Dataset entries
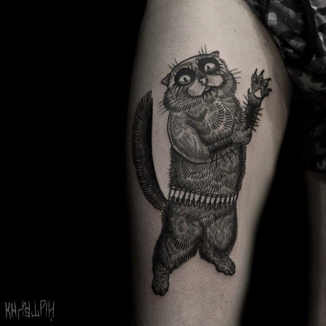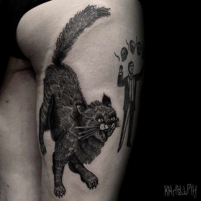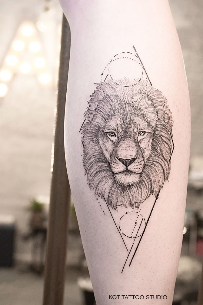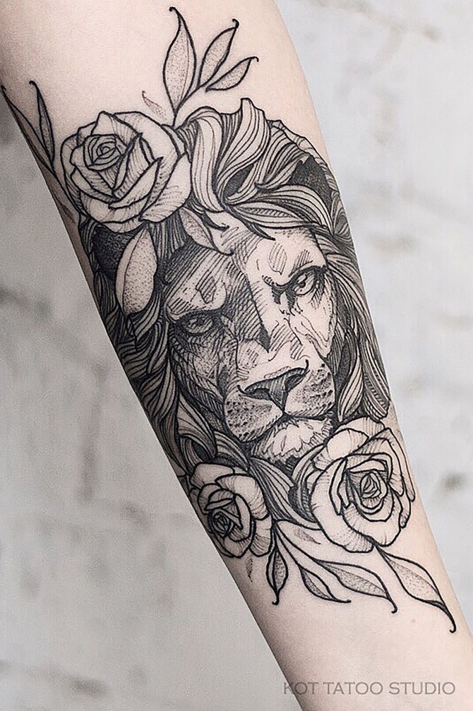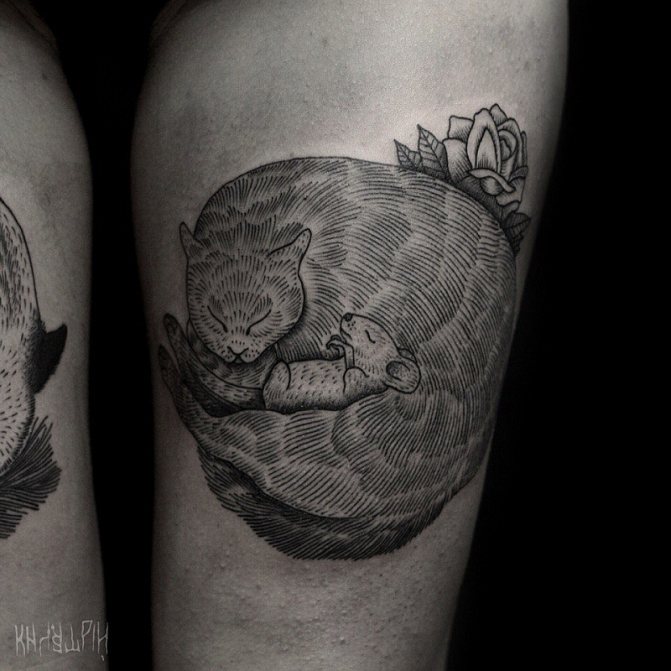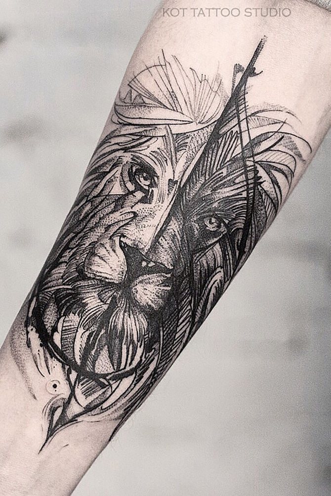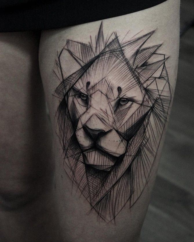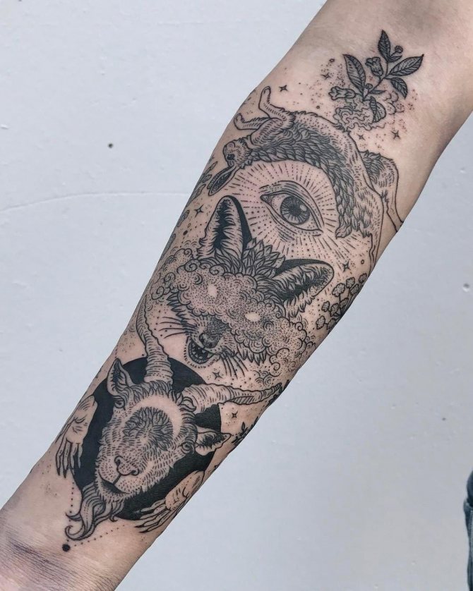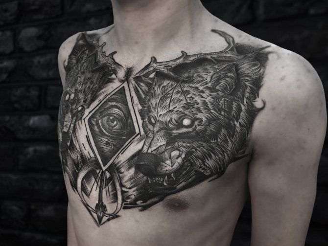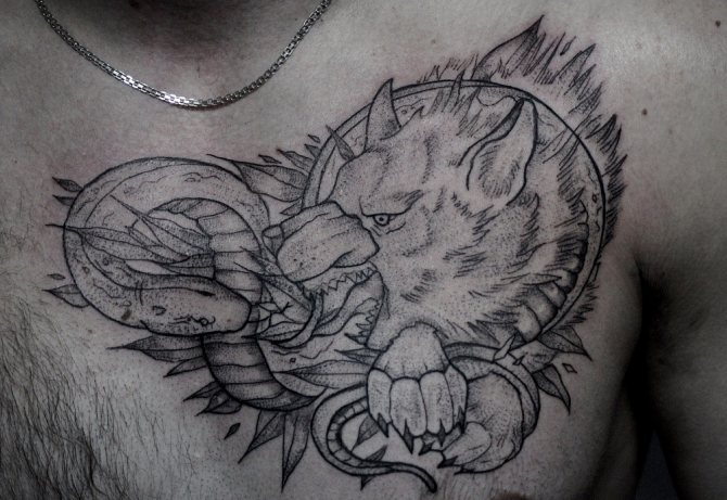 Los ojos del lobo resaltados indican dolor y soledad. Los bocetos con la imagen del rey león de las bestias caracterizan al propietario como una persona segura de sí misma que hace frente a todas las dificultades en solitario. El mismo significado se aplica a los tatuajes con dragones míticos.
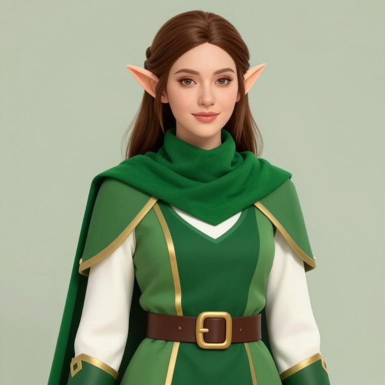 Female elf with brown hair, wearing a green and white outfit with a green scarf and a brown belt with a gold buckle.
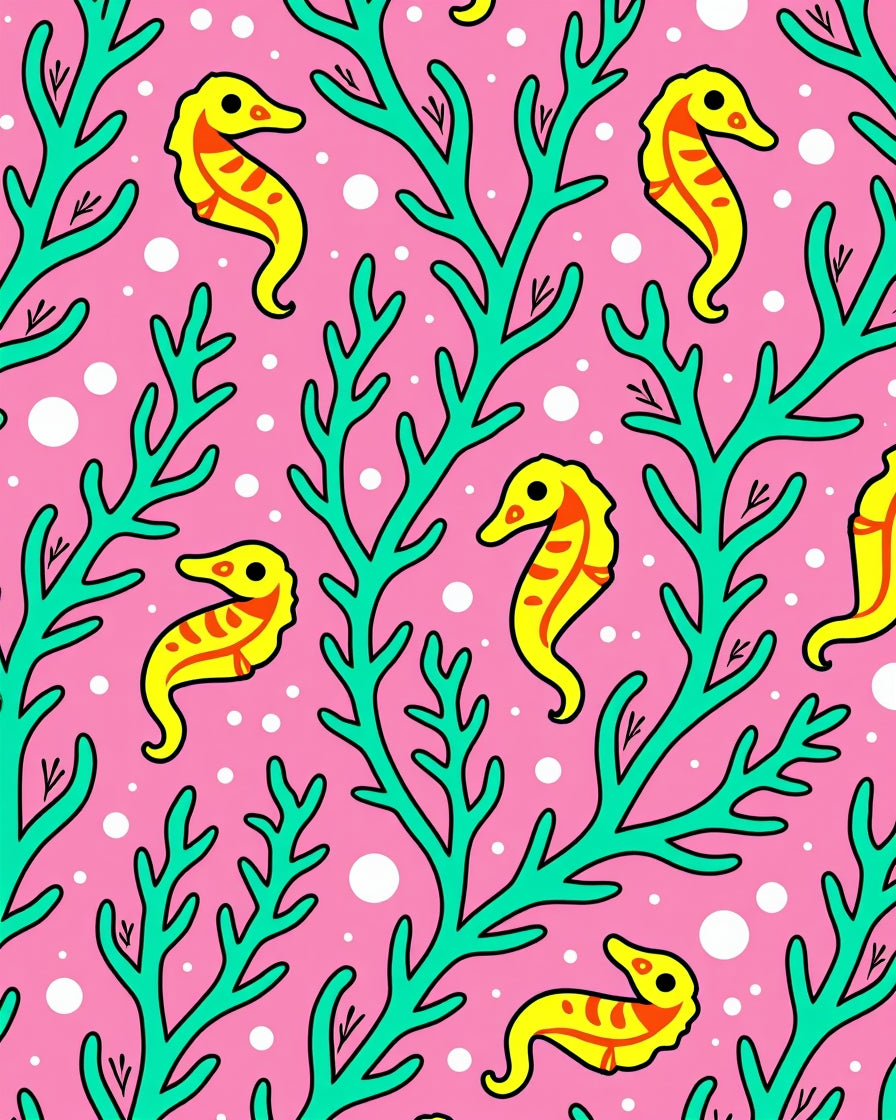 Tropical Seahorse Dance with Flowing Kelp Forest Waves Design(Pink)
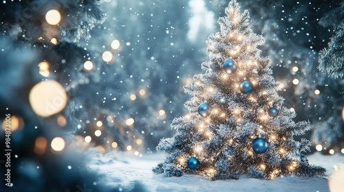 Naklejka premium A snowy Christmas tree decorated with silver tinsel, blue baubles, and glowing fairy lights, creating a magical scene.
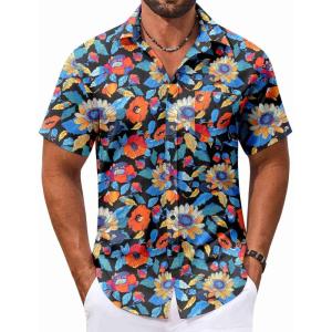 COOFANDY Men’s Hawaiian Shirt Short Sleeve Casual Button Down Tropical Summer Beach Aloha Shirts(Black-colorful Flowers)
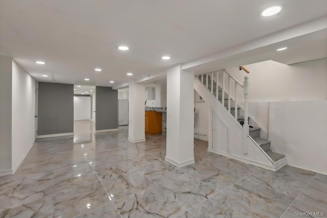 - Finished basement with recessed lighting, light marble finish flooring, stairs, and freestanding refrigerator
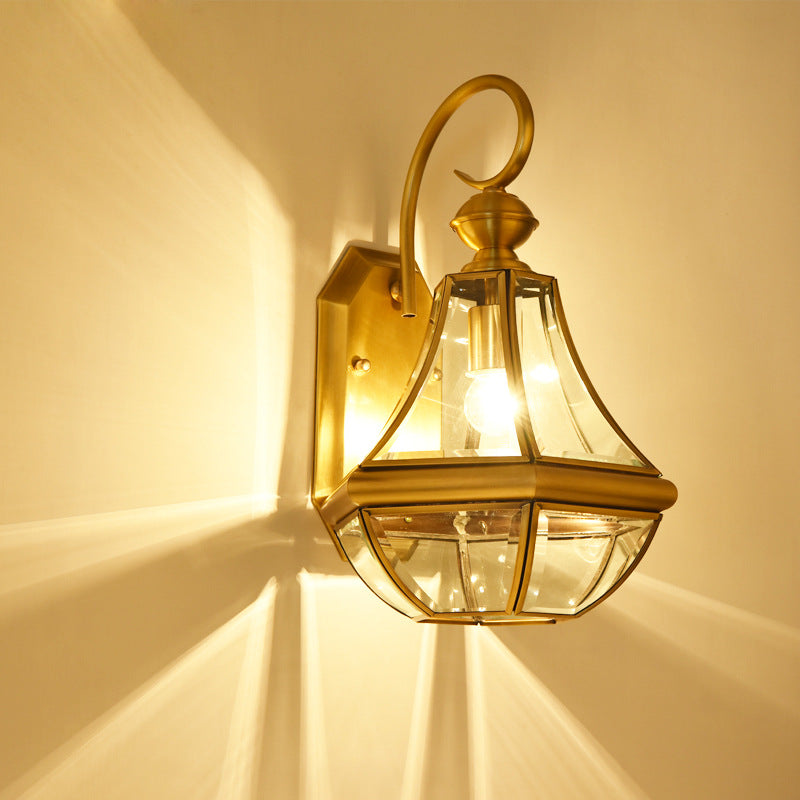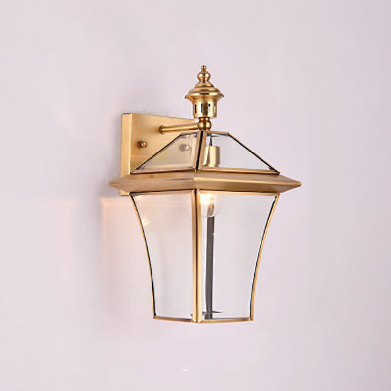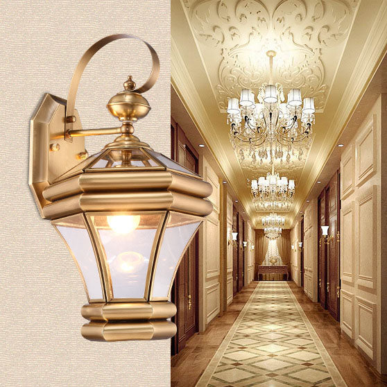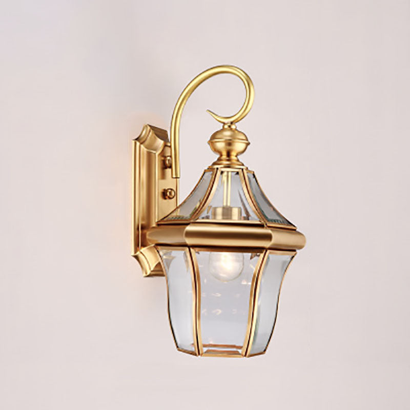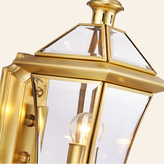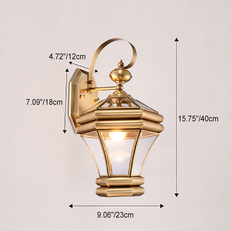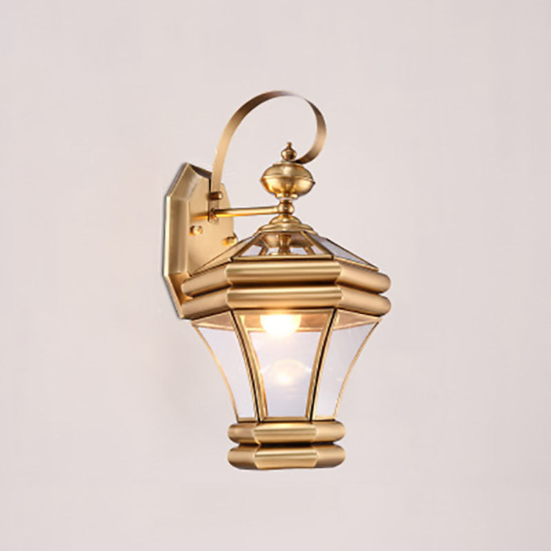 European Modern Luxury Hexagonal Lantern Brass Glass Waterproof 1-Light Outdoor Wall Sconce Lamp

Task prompt
Reproduce nothing but the lines running from the line with "Naklejka premium A" through the end of the records, keeping both end lines and dropping the pictures.

Answer to the problem
 Naklejka premium A snowy Christmas tree decorated with silver tinsel, blue baubles, and glowing fairy lights, creating a magical scene.
 COOFANDY Men’s Hawaiian Shirt Short Sleeve Casual Button Down Tropical Summer Beach Aloha Shirts(Black-colorful Flowers)
 - Finished basement with recessed lighting, light marble finish flooring, stairs, and freestanding refrigerator
 European Modern Luxury Hexagonal Lantern Brass Glass Waterproof 1-Light Outdoor Wall Sconce Lamp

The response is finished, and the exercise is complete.